B. B. Conclusions du comité
B. B. Conclusions du comité
- 115. Le Comité note avec un intérêt particulier la suggestion du premier ministre de Terre-Neuve selon laquelle il serait indiqué que le B.I.T envoie des personnes hautement qualifiées à Terre-Neuve pour qu'elles y mènent une enquête sur la question de fond de la plainte et prend note, avec une satisfaction particulière, de l'assurance du ministre, selon laquelle « il serait heureux » d'aider ces personnes « dans leur examen approfondi et impartial de ces questions ». Le Comité estime toutefois qu'avant de donner un avis au Conseil d'administration sur les conditions dans lesquelles une telle invitation pourrait être acceptée, il serait souhaitable que le gouvernement du Canada lui fasse savoir s'il a une déclaration nouvelle à faire à ce sujet et qu'il soit saisi d'informations plus détaillées sur plusieurs questions soulevées par les allégations, qu'il y aurait lieu d'examiner au cours d'une telle enquête.

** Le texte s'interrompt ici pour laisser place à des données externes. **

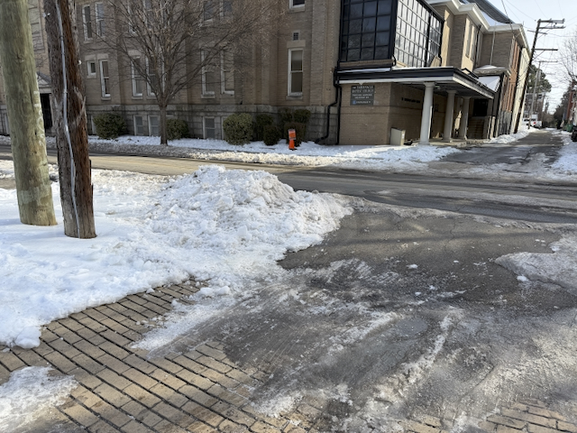 The concern lies beyond the immediate perimeter. Street parking remains unpredictable, and parking in the church lots will be extremely limited due to lingering ice and snow.
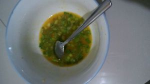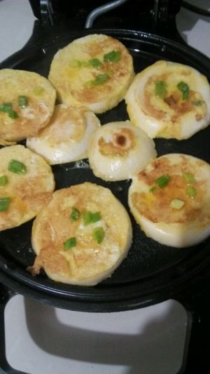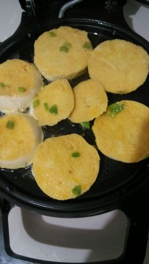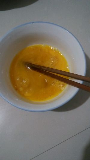 馒头片在蛋液中翻滚。让蛋液浸入馒头片就可以啦!

A cet égard, le Comité, tenant compte du fait que c'est le gouvernement fédéral du Canada et non ceux des provinces de ce pays qui est, du point de vue international, responsable des relations entre le Canada et l'Organisation internationale du Travail, a décidé de demander au gouvernement du Canada de bien vouloir lui communiquer ou lui obtenir les observations du gouvernement de Terre-Neuve sur certaines allégations concernant les allégations contenues dans la plainte et qui sont étudiées aux paragraphes 82 à 96 ci-dessus, à la lumière des principes généraux énoncés aux paragraphes 102 à 109 ci-dessus et des renseignements plus détaillés sur les actes de violence et les actes illicites que, selon la réponse du premier ministre, l'Union internationale des travailleurs américains du bois et ses membres ont commis au cours de la grève.
Recommandation du comité
Recommandation du comité
- 116. En attendant de recevoir ces informations complémentaires, le Comité recommande au Conseil d'administration de prendre note du présent rapport intérimaire.